Hemophilia B is an inherited bleeding disorder caused by deficiency or dysfunction of clotting factor IX, leading to prolonged and potentially life-threatening bleeding after injury or surgery, and spontaneous bleeding into joints and muscles in severe cases. It is caused by mutations in the F9 gene on the X chromosome and affects predominantly males. Regular prophylactic factor infusions have greatly improved quality of life but require frequent intravenous access.
What's actually going on in research
Extended half-life factor IX products have reduced infusion frequency for prophylaxis to once weekly or even less often in some patients. Fitusiran, an antithrombin-targeting RNA interference therapy, and concizumab, a monoclonal antibody, offer non-factor subcutaneous prophylaxis options for people with or without inhibitors. Most transformatively, gene therapy using AAV-based delivery has achieved long-term factor IX expression in clinical trials: etranacogene dezaparvovec is now approved and demonstrated sustained high-level factor IX activity after a single infusion.
Gene therapy approval
Etranacogene dezaparvovec is now approved for severe hemophilia B and has demonstrated durable factor IX expression over years after a single infusion, offering potential freedom from ongoing prophylaxis.

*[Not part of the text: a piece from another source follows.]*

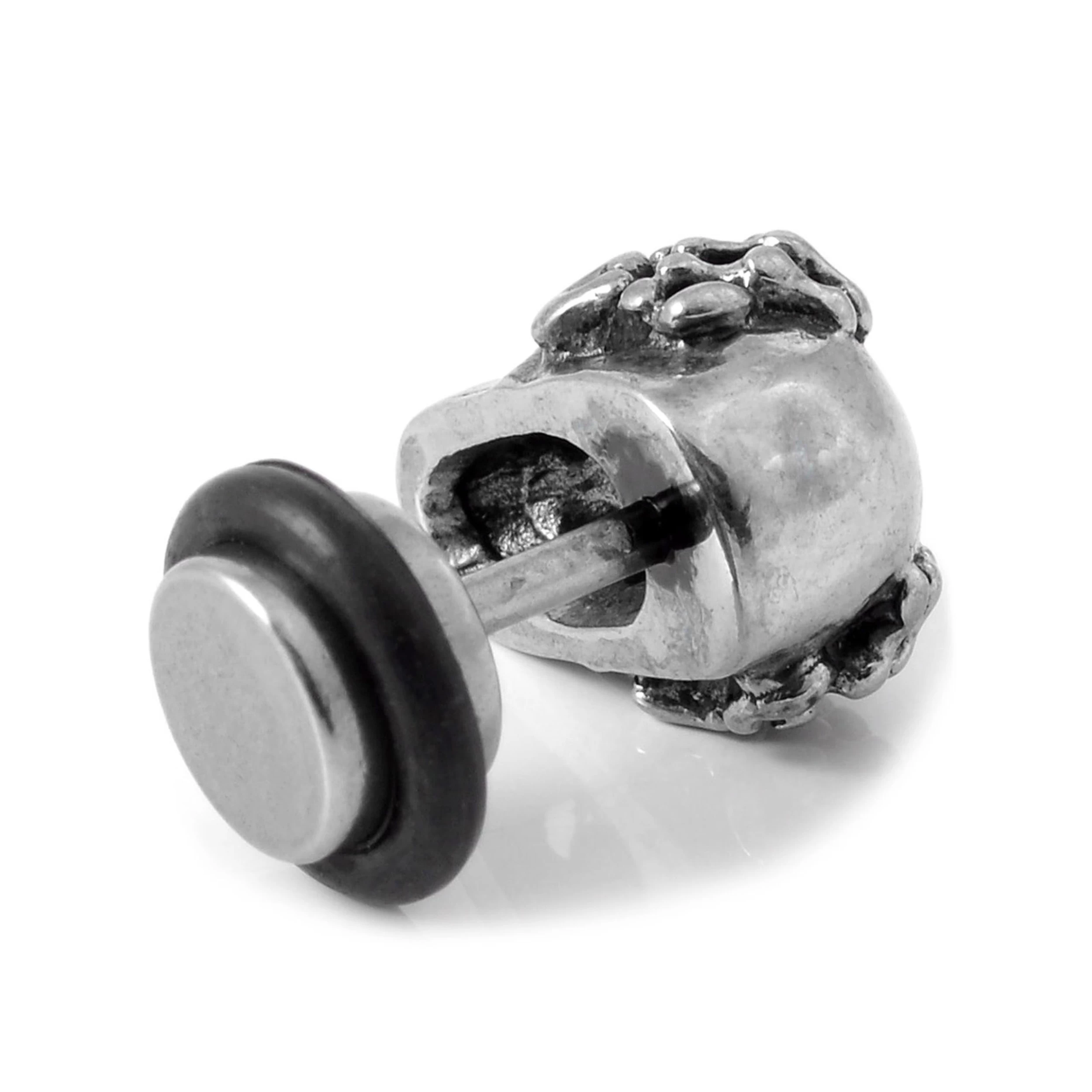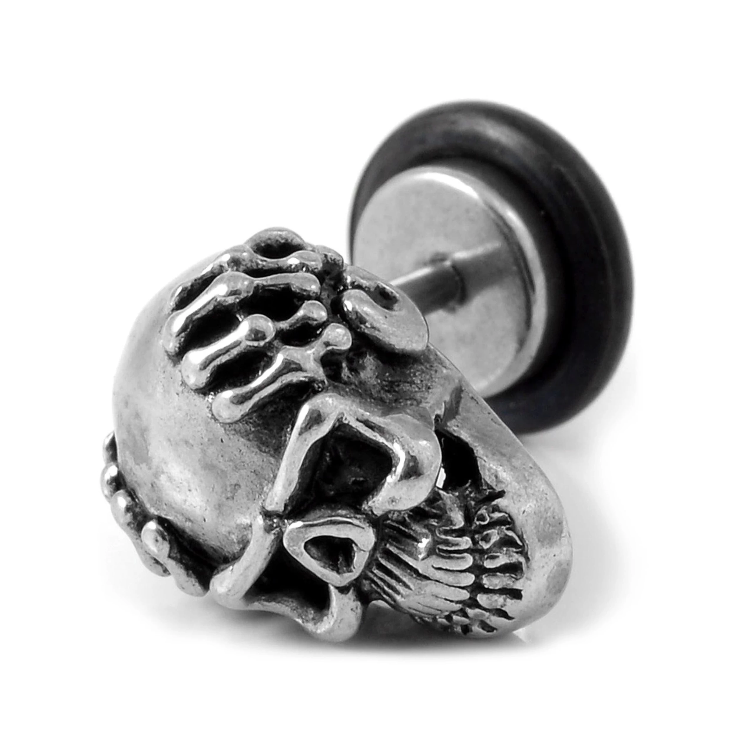Satago | 1/3″ (9 Mm) Black And White Acrylic & Stainless Steel Skull Faux Plug Stud Earring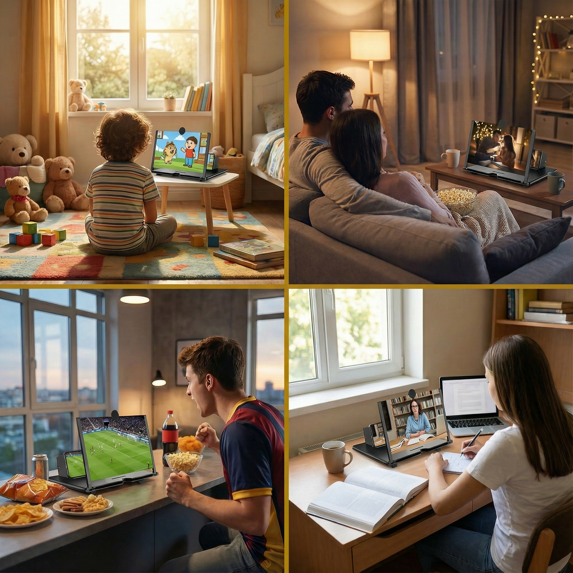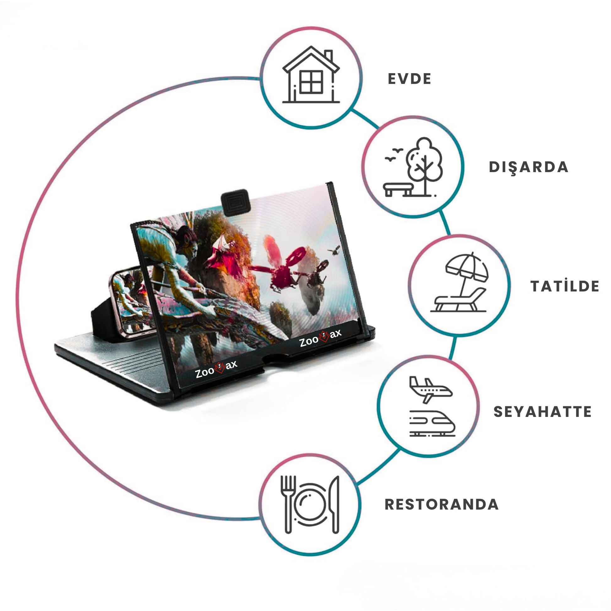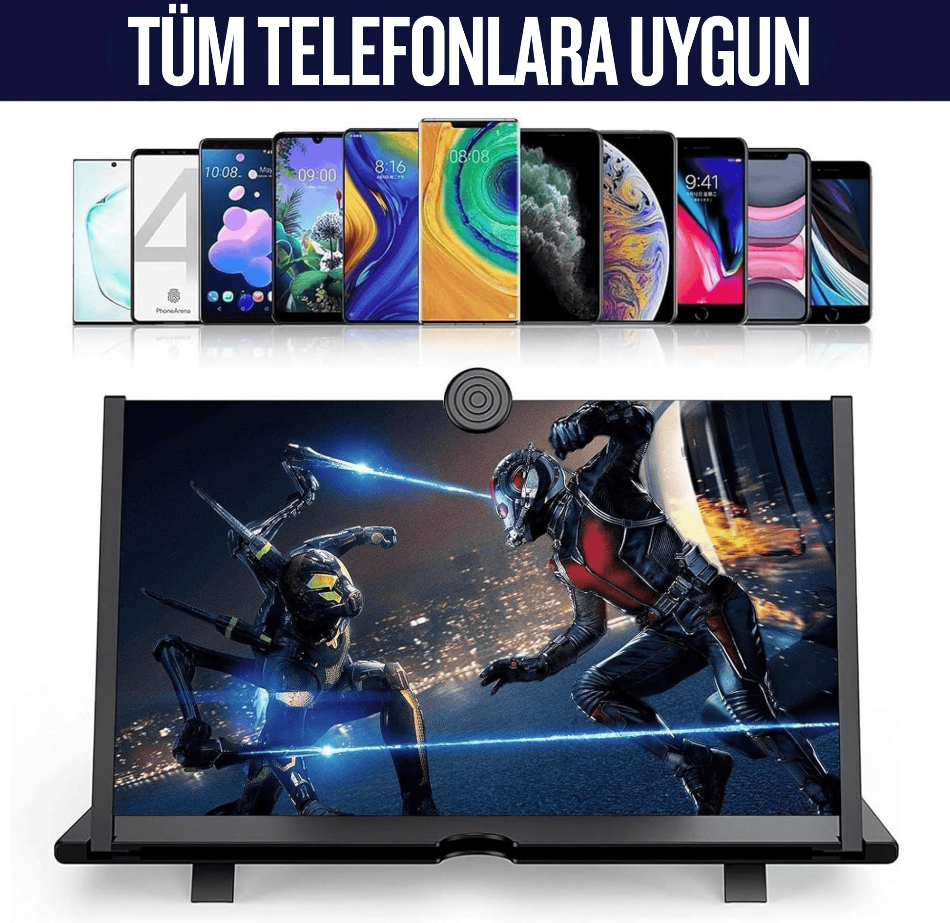 12 inç ekran büyüteciyle telefonun saniyeler içinde mini bir sinemaya dönüşsün.

Non-factor subcutaneous prophylaxis
Fitusiran and concizumab offer subcutaneous injection prophylaxis that does not require factor replacement, benefiting patients — including those with inhibitors — who find intravenous access difficult.
Inhibitor treatment
Emicizumab, approved for hemophilia A with inhibitors, and new agents are being studied in hemophilia B patients who develop inhibitors against factor IX replacement therapy.
What to know before you search
Eligibility depends on factor IX activity level, inhibitor status, prior treatment history, and liver health for gene therapy trials.
What types of trials are currently open
- Gene therapy trials — Follow-up and new-generation AAV gene therapy programs for hemophilia B with improved vectors and expression.
- Non-factor prophylaxis trials — Testing fitusiran, concizumab, and related agents for bleeding prevention without factor IX infusions.
- Extended half-life factor trials — Evaluating next-generation long-acting factor IX products for reduced-frequency prophylaxis.
- Inhibitor management trials — Studying immune tolerance induction and bypass agents for hemophilia B patients with inhibitors.
- Quality-of-life and joint health studies — Assessing joint outcomes and daily functioning in patients switching from standard to novel prophylaxis.
Recently added Hemophilia B trials
Take an injection of a new gene therapy for bleeding disorders
The purpose of this study is to evaluate the safety, tolerability, immunogenicity , PK, and PD of a single dose of SR604 in participants with Hemophilia A or Hemophilia B, with or without inhibitors (Part A)and to evaluate the safety, PK, PD, and efficacy of multiple doses of SR604 in participants with Hemophilia A or Hemophilia B, or Factor VII (FVII) deficiency, with or without inhibitors (Part B and Part C).
Take a new preventive therapy for hemophilia A or B
The purposes of this open-label, multicenter III clinical trial are to evaluate the safety and efficacy of long-term preventive treatment with KN057 in Haemophilia A or B patients with or without inhibitors, and to assess the pharmacokinetic characteristics of the new and old processes KN057. The participants in Part PK will be randomly assigned to Old process Group or New process Group in a 1:1 ratio. The participants in Old process Group will receive old process KN057 prophylaxis for the first 26 weeks and new process KN057 prophylaxis for the following 26 weeks. The participants in New process Group will receive new process KN057 prophylaxis for both the first 26 weeks and the last 26 weeks. The participants in Part non-PK will be non-randomized and treated with new process KN057 for 52 weeks prophylaxis after enrollment. Priority screening and enrollment of participants who have participated in the KN057-A-301 or KN057-A-302 study.